Let’s consider the set $x=\Big\{a,\{b\},\big\{c,\{d\}\big\}\Big\}$. It has $3$ elements: $a$, $\{b\}$, and $\big\{c,\{d\}\big\}$, so its cardinality is $3$. That last element happens to be a set with $2$ elements of its own, but it’s still just one member of $x$. We could replace it with the infinite set $\Bbb Z$ of all integers, getting the set $\big\{a,\{b\},\Bbb Z\big\}$, and we’d still have a set of cardinality $3$.

Now the cardinality of $x$ is $3$ no matter what $a,b,c$, and $d$ are.1 In particular, it’s $3$ even if $a=b=c=d=\varnothing$, so that $x=\Big\{\varnothing,\{\varnothing\},\big\{\varnothing,\{\varnothing\}\big\}\Big\}$. It’s also $3$ if $a=b=c=d=\Bbb Z$, and $x=\Big\{\Bbb Z,\{\Bbb Z\},\big\{\Bbb Z,\{\Bbb Z\}\big\}\Big\}$. In the first case the $3$ elements of $x$ are $\varnothing$, $\{\varnothing\}$, and $\big\{\varnothing,\{\varnothing\}\big\}$; in the second they are $\Bbb Z$, $\{\Bbb Z\}$, and $\big\{\Bbb Z,\{\Bbb Z\}\big\}$.

1 That’s not quite true, but the two exceptions involve a technicality that beginners sometimes find confusing.

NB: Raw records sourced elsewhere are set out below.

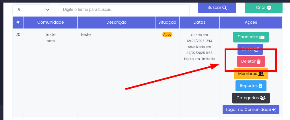 Gerenciando Comunidade: Criação, Edição e Exclusão de Comunidades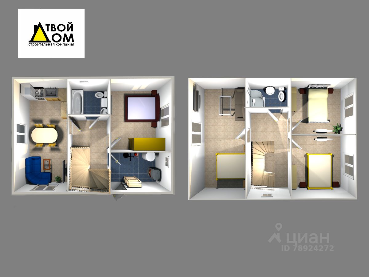 - 2-й этаж: 3 комнаты 17/9/9 м2, холл, санузел 3 м2 (унитаз, раковина)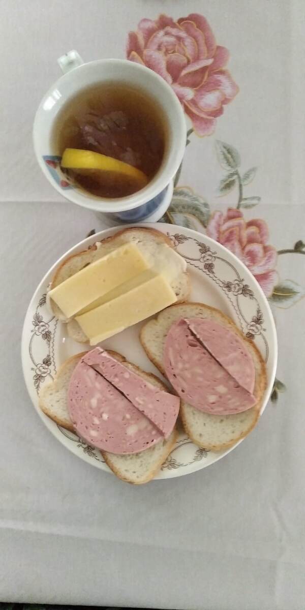 Приветики мои дорогие, как у вас дела? Я вот сегодня на подработку вышла, не очень то хотела, но пошла. Вчера попросили, я сначала хотела отказаться, но потом подумала, что мне к сентябрю хорошо бы ещё 5 тысяч накопить, чтобы съездить отдохнуть. В последнее время с вами своими завтраками делиться, потому что они у меня самые красивые получаются. Я не тороплюсь, и спокойно завтракаю, а вот ужин у меня чаще всего в спешке проходит. Я прихожу после работы очень голодная, и стараюсь сразу покушать. Пробовала брать творожок на рабочий перекус после 17 часов. Но в итоге все равно голодная прихожу, и получается ещё больше съедаю, чем запланированно было. На завтрак сегодня у меня были 3 маленьких бутерброда. Один с сыром и сливочным маслом, и 2 с колбасой сырой. Ну и чай чёрный с лимоном. Эта колбаса очень вкусная, и интересная. Стоит не очень дорого и получается как 2 в одном, и колбаса и сырок плавленый. Зевс Палыч тоже такую колбаску любит, всегда на две лапки встаёт, и подглядывает.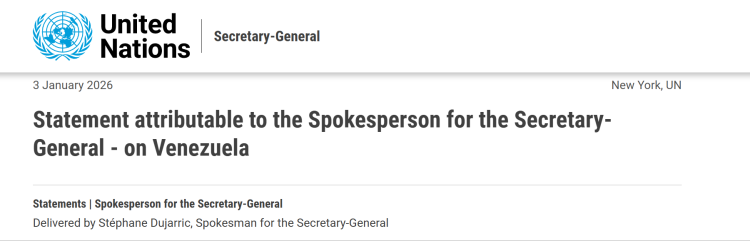 联合国秘书长古特雷斯通过发言人表示,他对近期委内瑞拉局势升级深表忧虑,特别是美国在委内瑞拉采取的军事行动,可能会给整个地区造成令人担忧的影响。他表示,这一事态发展构成了危险的先例,强调各方都必须充分尊重国际法与《联合国宪章》。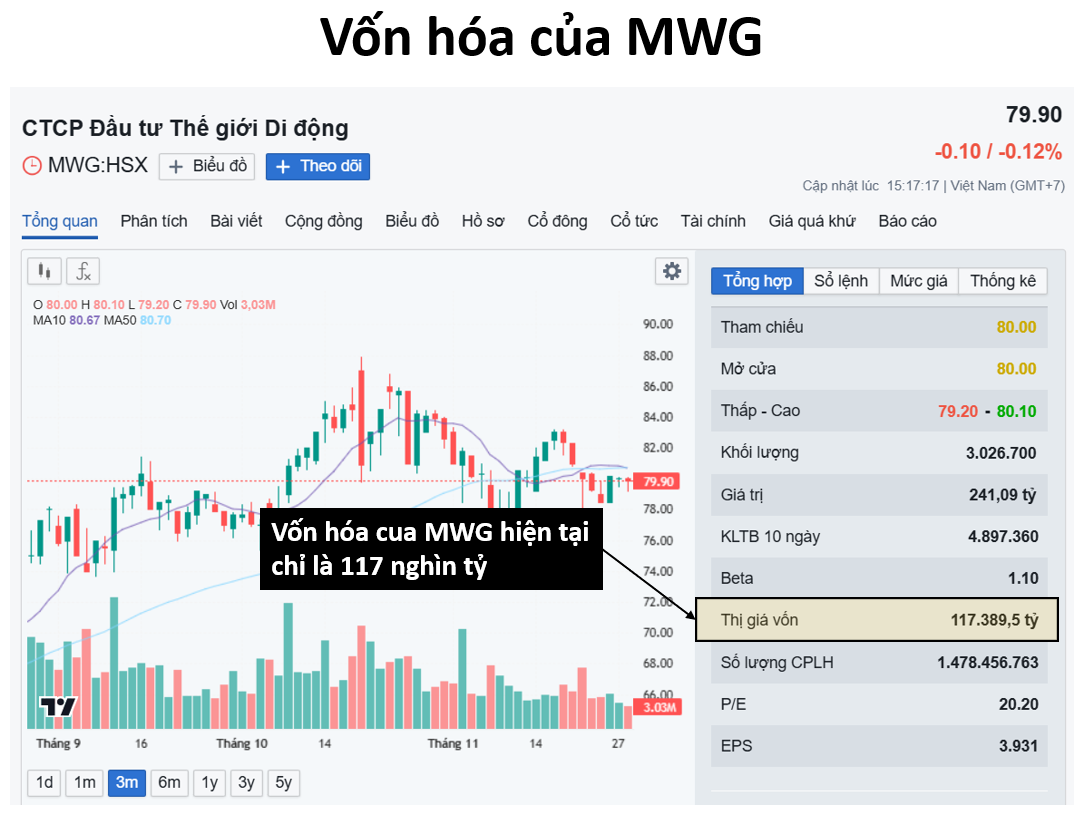 Vốn hóa hiện tại của MWG là 117 nghìn tỷ, không cao hơn quá nhiều so với mức giá IPO dự kiến của công ty Điện Máy Xanh là 100 nghìn tỷ. Do đó, khi Điện Máy Xanh IPO vào 2026 sẽ là động lực giúp cho cổ phiếu MWG tăng.

Specifically, if $a=\{b\}$, then $$x=\Big\{a,a,\big\{c,\{d\}\big\}\Big\}=\Big\{a,\big\{c,\{d\}\big\}\Big\}$$ and has only $2$ elements. Similarly, if $a=\big\{c,\{d\}\big\}$, then $$x=\big\{a,\{b\},a\big\}=\big\{a,\{b\}\big\}$$ and again has only $2$ elements. In no case, however, does $x$ have $4$ elements.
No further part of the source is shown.